Communication networks grow both in quantity and quality. In the past decades, the amount of communication-enabled devices increased massively while also the required quality of networks increased. Thus, monitoring, administration and management of communication networks has become a challenging task for network providers which requires a state-of-the-art set of tools. A first step towards intelligent network management is an adequate monitoring. Due to the massive amount of different parameters and attributes of communication networks, e.g., performance, online/offline notifications, reliability, robustness, and/or security, monitoring becomes a complex task. One way to support network administrators is to use proper visualization methods of network information in order to provide a swift overview about possible problems.
As a first step it is important to identify relevant properties in a communication network and derive a model from an actual instance. Then, this model is to be used as input to a tool that is creating a visualization of the network and its properties as output. The major task of this course is to design, implement and evaluate this tool and write down the results in a scientific report. You will work in teams and gain team communication and (selfresponsible) management competencies during the project while making intelligent (software design/implementation) decisions.
- Open graph: The user can open a graph in .graphml format by clicking on “File → Open” in the menu or using the hotkey “Ctrl+O”.
- Save graph: The user can save the new graph as .graphml file by clicking on “File → Save” in the menu or using the hotkey “Ctrl+S”.
- Save as image: The user can save the current graph as an image (.png or .jpg) by clicking on “File → Save image” in the menu or using the hotkey “Ctrl+Shift+S”
- Add vertex: The user can add a new vertex by clicking on the “Add vertex” button, then click on the desired position on the graph.
- Delete vertex: The user can delete a vertex by clicking on the “Delete vertex” button, then click on the desired vertex.
- Add edge: The user can add a new edge by clicking on the “Add edge” button, then click on 2 vertices.
- Delete edge: The user can delete an edge by clicking on the “Delete edge” button, then click on the desired edge.
- Drag vertices: The user can click on a vertex, then drag it to the new position.
- Drag background: The user can drag the background to move the viewport.
- Zoom in/out of the graph: The user can scroll the mouse wheel or click on the zoom buttons on the toolbar to adjust the viewport zoom.
- View/edit the attributes of vertices/edges: To view the attributes of a vertex/ an edge, the user can click on it. The attributes will be displayed on the right panel of the app where the user can edit them.
- Add attributes to vertices/edges: To add new attributes to the graph, the user can click on the “Add new attribute” button on the toolbar, then select the attribute name and whether the attribute should be added to vertices or edges. (Note: before adding/deleting a vertex/an edge, edit mode has to be activated by clicking the “Edit” button in the toolbar)
When importing a graph, we expect its vertices and edges to contain some basic attributes. However, not all graphs satisfy this condition and this is the motivation for this function.
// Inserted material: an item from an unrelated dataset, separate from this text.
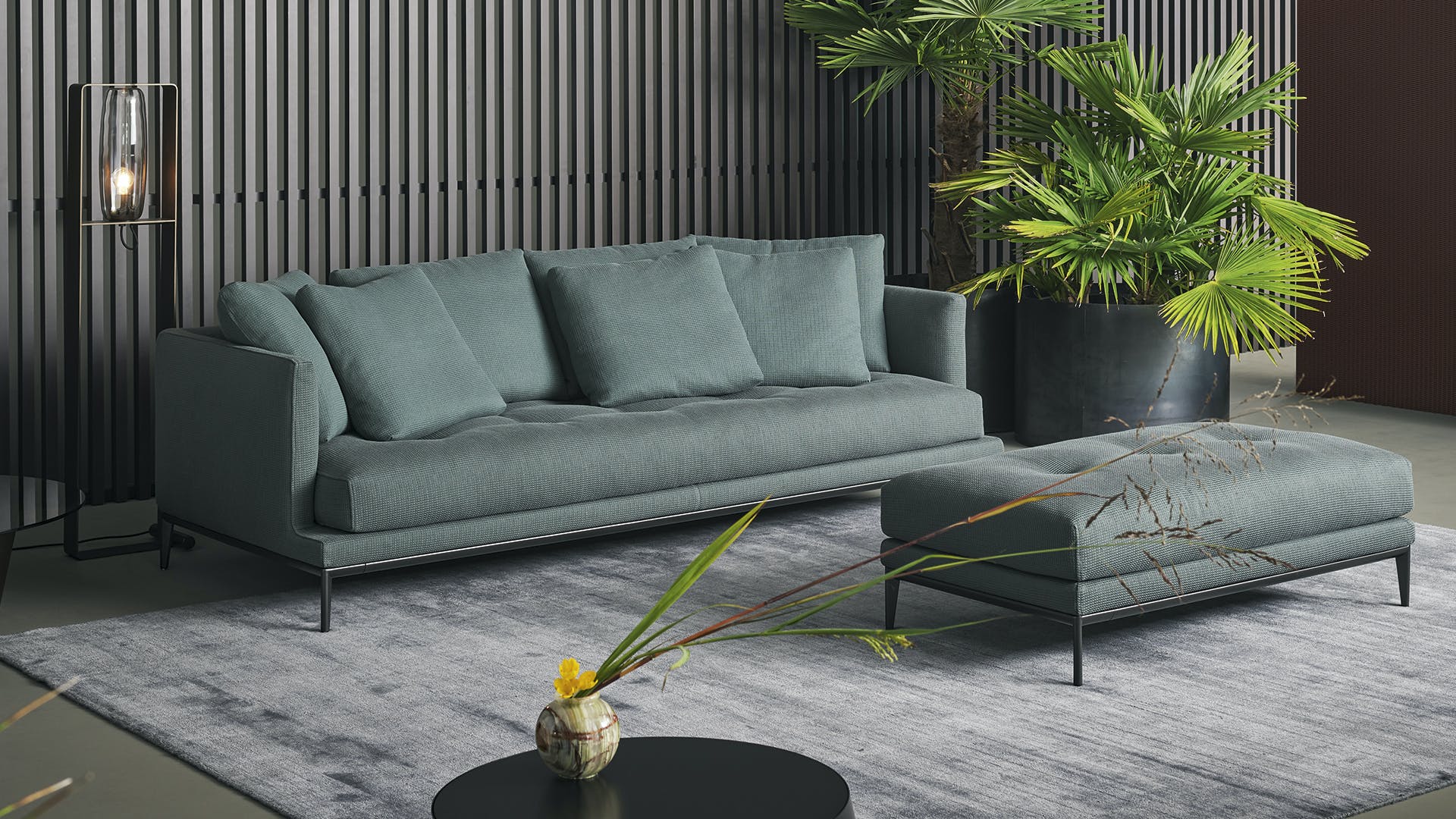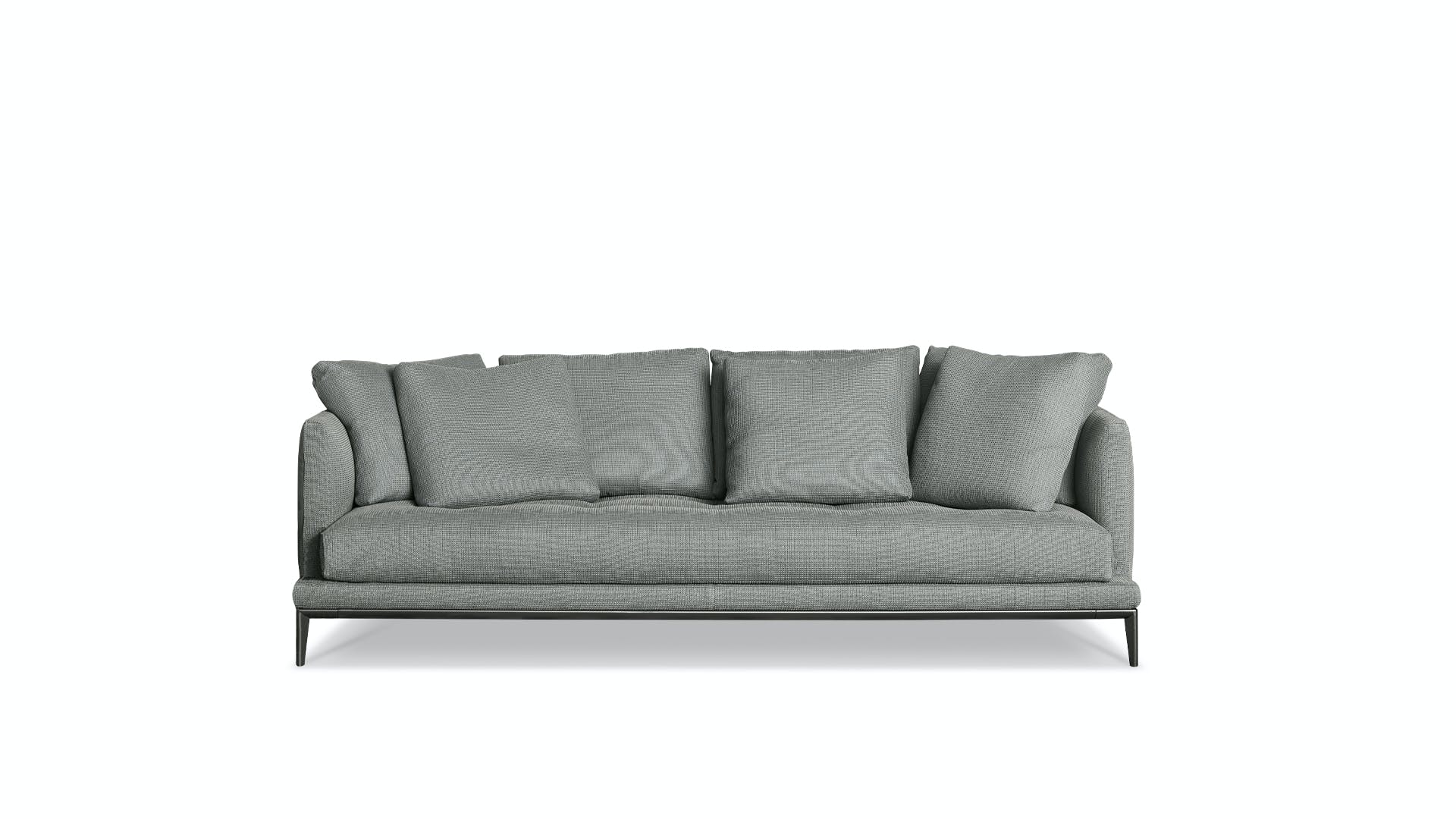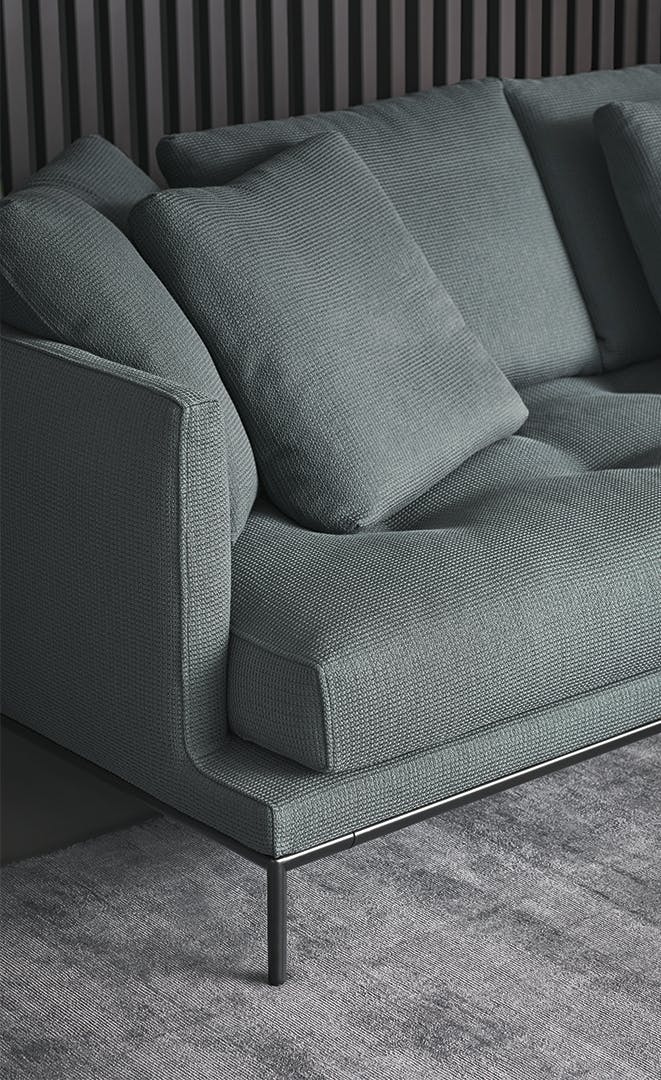 With its slender and minimalist overall image, the Soft Island contemporary sectional modern sofa represents comfort and refuge: with a deep seat, accompanied by a generous amount of cushions, it offers a way of sitting on the sofa that is always customisable. It is possible to choose between several solutions, with linear sofas, poufs, and compositions with corner pieces and chaise longues. The wide body of the Soft Island sofa, with its clean and rigorous lines, accommodates a single long seat cushion, made with stitching that gives movement and elegance. The contrast with the numerous backrest cushions paradoxically enhances the perception of formal simplicity and composed comfort. Soft Island is also available with a metal frame that de?nes the base of the sofa, giving an extra touch of re?nement and elegance. The upholstery of the Soft Island collection is completely removable and is available in fabric or leather. The subtle metal feet slim the composition and lighten its overall image.

The application provides users a way to visualize the geolocations of the hosts in the network.
In many cases, the geolocation of the hosts is not very useful but the topology of the network may display many interesting properties. The application can apply different layout algorithms to the network to enhance its understandability and usability.
The application can use color to visualize the centrality of the vertices, with cooler colors for lower centrality and warmer colors for higher centrality.
The graph occasionally contains too many edges which makes the graph hard to be observed. This function provides the user with a proper way to view the desired edges based on their values.
Finding the shortest path between vertices can help to optimize the performance of the network.
Finding clusters of a network provide more insights for users into the particular network, as it groups the separated vertices of the original network into a set of non-overlapping groups that are densely connected internally. This can help to reduce the complexity of monitoring the network if we consider each cluster as a single host.
There are possibilities that a group of hosts is connected to the rest of the network by only a single link (a bottleneck). This may affect the performance of the whole network and should an error happens to the link, the group becomes isolated. The intention of this function is to identify and visualize all bottlenecks in the network.
In reality, many properties of the network change over time and we wish to visualize those changes. However, since no real-time network data is available, in this prototype we decided to randomize the data to simulate the rapid changes of the real world.
The Export Statistical Information function is used for summarizing, generating and visualizing information extracted from the graph.